▶ _YOUR TASK_:
Leave out the pictures and output exactly the lines below from the one with "for the computation" down to the one with "Napríklad na volante", both of them included.

▶ _EXTRACTED INFORMATION_:
━━━━━━━━━━━━━━━━━━━━
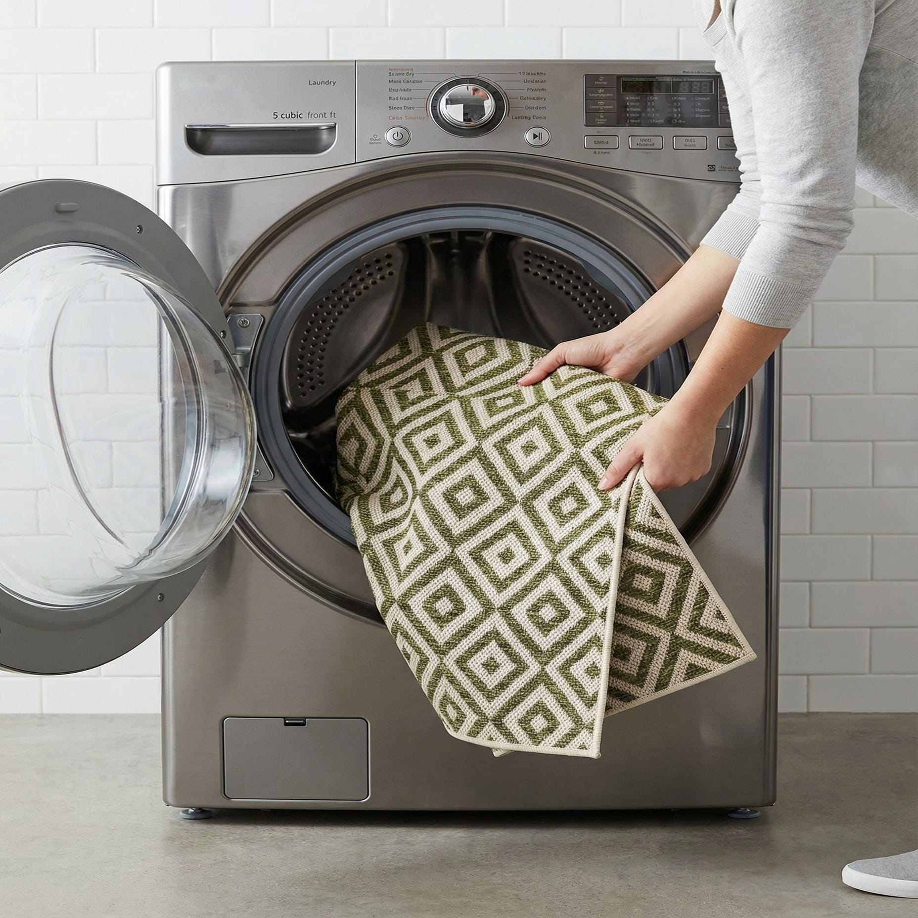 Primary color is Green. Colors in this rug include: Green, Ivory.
━━━━━━━━━━━━━━━━━━━━
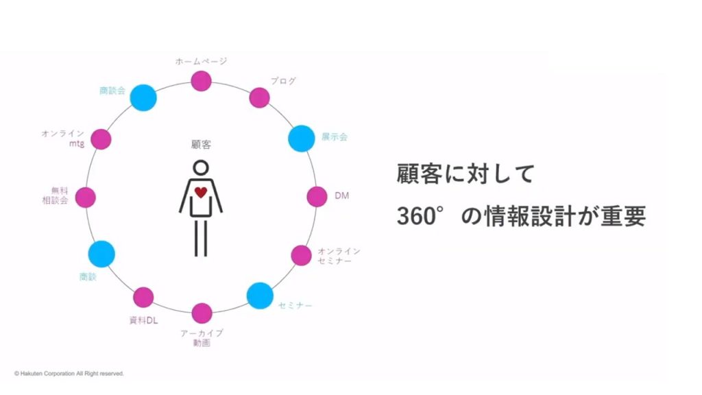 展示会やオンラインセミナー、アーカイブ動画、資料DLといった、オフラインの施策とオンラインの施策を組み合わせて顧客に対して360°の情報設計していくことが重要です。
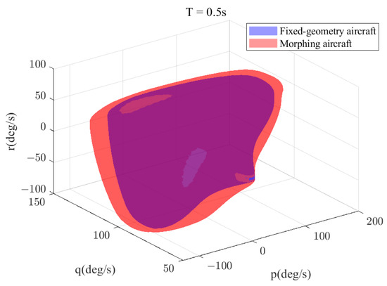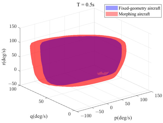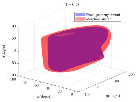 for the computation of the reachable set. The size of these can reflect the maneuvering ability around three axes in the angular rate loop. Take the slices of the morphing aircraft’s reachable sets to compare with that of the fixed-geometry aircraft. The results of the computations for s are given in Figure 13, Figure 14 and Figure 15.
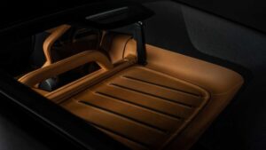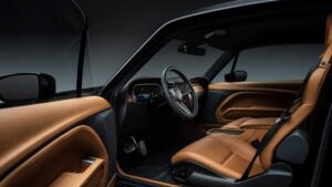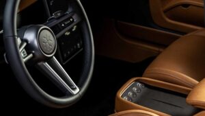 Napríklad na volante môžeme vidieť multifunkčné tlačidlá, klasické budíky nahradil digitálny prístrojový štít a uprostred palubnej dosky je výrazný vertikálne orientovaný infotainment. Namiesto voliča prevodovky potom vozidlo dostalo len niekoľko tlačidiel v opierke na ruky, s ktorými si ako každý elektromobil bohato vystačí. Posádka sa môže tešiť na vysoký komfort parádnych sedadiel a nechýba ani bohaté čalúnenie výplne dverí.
━━━━━━━━━━━━━━━━━━━━
▶ _ANSWER SECTION_:
 for the computation of the reachable set. The size of these can reflect the maneuvering ability around three axes in the angular rate loop. Take the slices of the morphing aircraft’s reachable sets to compare with that of the fixed-geometry aircraft. The results of the computations for s are given in Figure 13, Figure 14 and Figure 15.
 Napríklad na volante môžeme vidieť multifunkčné tlačidlá, klasické budíky nahradil digitálny prístrojový štít a uprostred palubnej dosky je výrazný vertikálne orientovaný infotainment. Namiesto voliča prevodovky potom vozidlo dostalo len niekoľko tlačidiel v opierke na ruky, s ktorými si ako každý elektromobil bohato vystačí. Posádka sa môže tešiť na vysoký komfort parádnych sedadiel a nechýba ani bohaté čalúnenie výplne dverí.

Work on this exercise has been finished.